### DATA
+ + + +

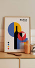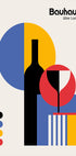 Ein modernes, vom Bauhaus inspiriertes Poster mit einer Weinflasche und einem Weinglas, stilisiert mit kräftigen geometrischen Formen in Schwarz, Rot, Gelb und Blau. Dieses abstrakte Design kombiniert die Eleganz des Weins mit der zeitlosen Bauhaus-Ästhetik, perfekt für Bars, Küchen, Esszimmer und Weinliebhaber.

+ + + +

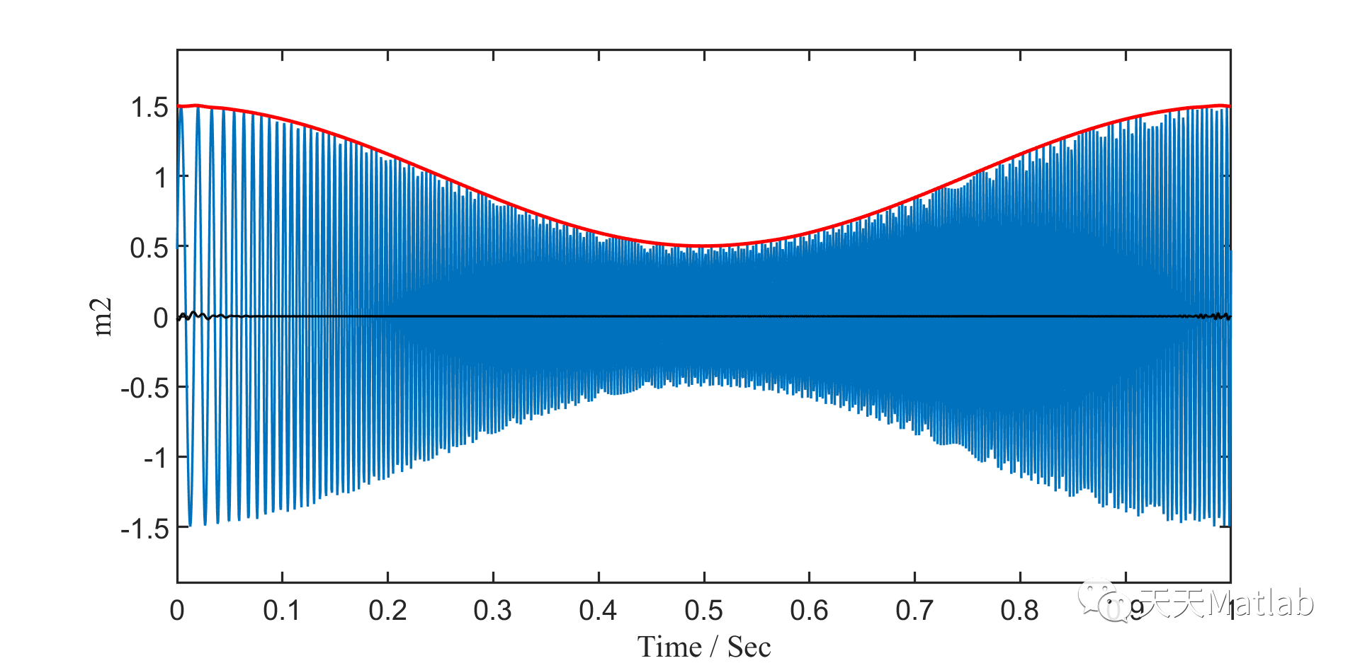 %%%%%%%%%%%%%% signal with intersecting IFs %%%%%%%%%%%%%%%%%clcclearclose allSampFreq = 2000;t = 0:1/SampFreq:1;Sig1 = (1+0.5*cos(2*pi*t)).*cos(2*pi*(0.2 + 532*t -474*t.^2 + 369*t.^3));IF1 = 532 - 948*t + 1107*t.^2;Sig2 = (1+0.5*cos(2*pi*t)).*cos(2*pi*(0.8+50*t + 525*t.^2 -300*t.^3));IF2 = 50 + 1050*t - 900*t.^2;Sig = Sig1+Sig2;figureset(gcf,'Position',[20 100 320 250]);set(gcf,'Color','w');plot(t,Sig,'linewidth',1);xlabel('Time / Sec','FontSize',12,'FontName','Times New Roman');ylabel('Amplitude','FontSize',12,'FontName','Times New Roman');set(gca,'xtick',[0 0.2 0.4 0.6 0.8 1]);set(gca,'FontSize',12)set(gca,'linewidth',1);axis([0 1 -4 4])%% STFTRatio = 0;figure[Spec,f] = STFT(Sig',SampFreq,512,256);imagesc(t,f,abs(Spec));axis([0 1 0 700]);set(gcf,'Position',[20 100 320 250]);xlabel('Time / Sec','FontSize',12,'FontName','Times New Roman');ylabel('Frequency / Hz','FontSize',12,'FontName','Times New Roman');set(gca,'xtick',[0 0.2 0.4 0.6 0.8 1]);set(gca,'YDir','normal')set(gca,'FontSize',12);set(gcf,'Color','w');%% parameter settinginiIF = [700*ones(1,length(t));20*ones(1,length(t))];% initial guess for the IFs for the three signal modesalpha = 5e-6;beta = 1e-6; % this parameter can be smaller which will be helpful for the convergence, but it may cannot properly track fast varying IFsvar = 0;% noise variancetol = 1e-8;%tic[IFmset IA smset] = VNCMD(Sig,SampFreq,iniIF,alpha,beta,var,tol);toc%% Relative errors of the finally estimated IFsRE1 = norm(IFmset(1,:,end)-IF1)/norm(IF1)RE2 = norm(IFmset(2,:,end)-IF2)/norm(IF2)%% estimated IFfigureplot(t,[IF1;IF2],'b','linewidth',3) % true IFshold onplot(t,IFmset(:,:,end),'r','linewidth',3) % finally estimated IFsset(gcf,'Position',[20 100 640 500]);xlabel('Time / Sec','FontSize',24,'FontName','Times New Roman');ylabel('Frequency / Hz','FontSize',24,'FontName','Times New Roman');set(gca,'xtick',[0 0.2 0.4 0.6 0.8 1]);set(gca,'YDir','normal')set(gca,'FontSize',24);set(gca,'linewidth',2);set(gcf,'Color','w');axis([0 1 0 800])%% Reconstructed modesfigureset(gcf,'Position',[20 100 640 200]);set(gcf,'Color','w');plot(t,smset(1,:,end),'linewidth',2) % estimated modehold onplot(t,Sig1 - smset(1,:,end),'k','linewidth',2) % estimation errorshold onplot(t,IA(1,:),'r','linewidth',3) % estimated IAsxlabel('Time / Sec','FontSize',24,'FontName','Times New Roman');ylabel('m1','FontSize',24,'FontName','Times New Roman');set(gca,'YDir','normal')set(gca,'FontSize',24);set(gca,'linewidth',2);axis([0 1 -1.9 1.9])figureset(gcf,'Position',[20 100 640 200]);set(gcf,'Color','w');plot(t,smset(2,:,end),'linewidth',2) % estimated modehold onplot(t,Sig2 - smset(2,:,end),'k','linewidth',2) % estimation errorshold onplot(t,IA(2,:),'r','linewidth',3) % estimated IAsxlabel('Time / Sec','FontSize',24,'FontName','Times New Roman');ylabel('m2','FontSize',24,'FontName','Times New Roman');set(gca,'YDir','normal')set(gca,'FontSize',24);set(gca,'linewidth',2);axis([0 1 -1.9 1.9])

+ + + +

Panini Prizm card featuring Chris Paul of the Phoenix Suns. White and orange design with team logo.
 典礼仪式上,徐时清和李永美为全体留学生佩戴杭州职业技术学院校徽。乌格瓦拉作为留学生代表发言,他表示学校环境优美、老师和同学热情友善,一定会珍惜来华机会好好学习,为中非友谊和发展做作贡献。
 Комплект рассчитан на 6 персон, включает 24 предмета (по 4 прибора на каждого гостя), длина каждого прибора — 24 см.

+ + + +

### WORK ORDER
Return only the stretch of the material above from the line holding "Panini Prizm card" through the line holding "Комплект рассчитан на", copied exactly.

### ANSWER SPACE
Panini Prizm card featuring Chris Paul of the Phoenix Suns. White and orange design with team logo.
 典礼仪式上,徐时清和李永美为全体留学生佩戴杭州职业技术学院校徽。乌格瓦拉作为留学生代表发言,他表示学校环境优美、老师和同学热情友善,一定会珍惜来华机会好好学习,为中非友谊和发展做作贡献。
 Комплект рассчитан на 6 персон, включает 24 предмета (по 4 прибора на каждого гостя), длина каждого прибора — 24 см.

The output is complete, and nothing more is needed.